Alpine Income Property Trust, Inc. (NYSE: PINE) is a publicly traded real estate investment trust that seeks to deliver attractive risk-adjusted returns and dependable cash dividends by investing in, owning and operating a diversified portfolio of single tenant net leased commercial income properties that are predominantly leased to high-quality publicly traded and credit-rated tenants.

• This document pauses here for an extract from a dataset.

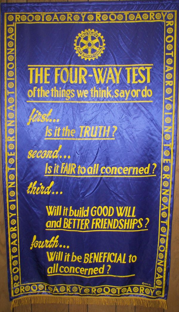 One of Rotary's Mottos is the 4-way test of the things we think, say, or do. We should consider the 4-way test in just about every decision we make.

We encourage you to review our most recent investor presentation which is available on our website at http://www.alpinereit.com .
Safe Harbor
This press release may contain “forward-looking statements.” Forward-looking statements include statements that may be identified by words such as “could,” “may,” “might,” “will,” “likely,” “anticipates,” “intends,” “plans,” “seeks,” “believes,” “estimates,” “expects,” “continues,” “projects” and similar references to future periods, or by the inclusion of forecasts or projections. Forward-looking statements are based on the Company’s current expectations and assumptions regarding capital market conditions, the Company’s business, the economy and other future conditions. Because forward-looking statements relate to the future, by their nature, they are subject to inherent uncertainties, risks and changes in circumstances that are difficult to predict. As a result, the Company’s actual results may differ materially from those contemplated by the forward-looking statements. Important factors that could cause actual results to differ materially from those in the forward-looking statements include general business and economic conditions, continued volatility and uncertainty in the credit markets and broader financial markets, risks inherent in the real estate business, including tenant defaults, potential liability relating to environmental matters, credit risk associated with the Company investing in first mortgage investments, illiquidity of real estate investments and potential damages from natural disasters, the impact of epidemics or pandemics on the Company’s business and the business of its tenants and the impact of such epidemics or pandemics on the U.S. economy and market conditions generally, other factors affecting the Company’s business or the business of its tenants that are beyond the control of the Company or its tenants, and the factors set forth under “Risk Factors” in the Company’s Annual Report on Form 10-K for the year ended December 31, 2024 and in the Company’s Quarterly Report on Form 10-Q for the quarterly period ended September 30, 2025 and other risks and uncertainties discussed from time to time in the Company’s filings with the U.S. Securities and Exchange Commission. Any forward-looking statement made in this press release speaks only as of the date on which it is made. The Company undertakes no obligation to publicly update or revise any forward-looking statement, whether as a result of new information, future developments or otherwise.